EXERCISE REQUIREMENTS: Please repeat the entire listing verbatim and keep the pictures out.
╭─ SUPPLIED INFORMATION
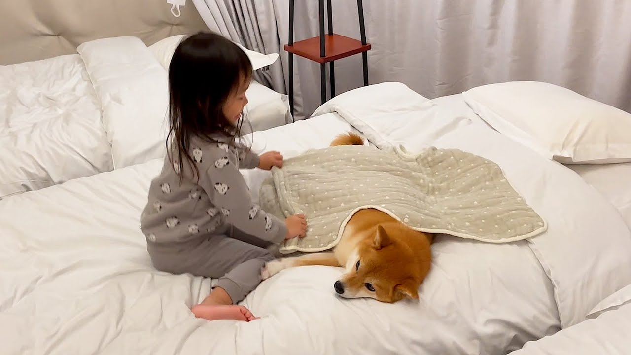 船を漕いで睡魔と戦いながら3歳娘の横でボディーガードの任務を全うする柴犬
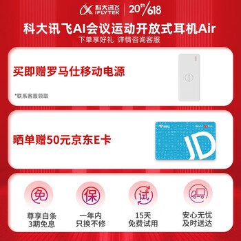 科大讯飞(iFLYTEK)开放式办公耳机iFLYBUDSAir 可拆卸不入耳 续航时间长 会议通话录音转文字办公耳机 适用苹果华为 开放式办公耳机air 【砂岩白】到手价格不高于849元。
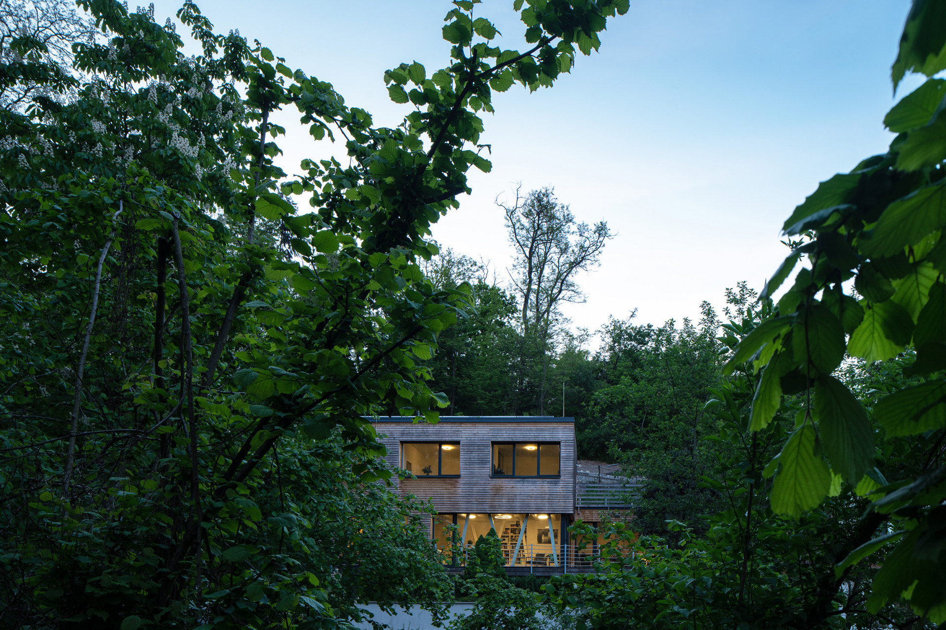 Pasivní dřevostavba v zalesněném svahu Prahy nabízí výhledy na řeku
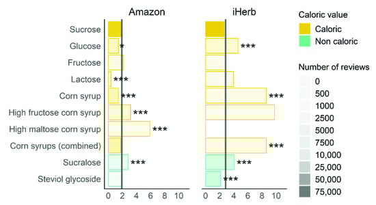 Interestingly, all but two products in Figure 2 contain caloric sweeteners, with eighteen of them containing sucrose. We next set out to find which sweeteners tend to appear in more “oversweet” reviews than others, analyzing all 215,975 reviews from Amazon and 349,612 reviews from iHerb.
╰─
EXPECTED ANSWER:
 船を漕いで睡魔と戦いながら3歳娘の横でボディーガードの任務を全うする柴犬
 科大讯飞(iFLYTEK)开放式办公耳机iFLYBUDSAir 可拆卸不入耳 续航时间长 会议通话录音转文字办公耳机 适用苹果华为 开放式办公耳机air 【砂岩白】到手价格不高于849元。
 Pasivní dřevostavba v zalesněném svahu Prahy nabízí výhledy na řeku
 Interestingly, all but two products in Figure 2 contain caloric sweeteners, with eighteen of them containing sucrose. We next set out to find which sweeteners tend to appear in more “oversweet” reviews than others, analyzing all 215,975 reviews from Amazon and 349,612 reviews from iHerb.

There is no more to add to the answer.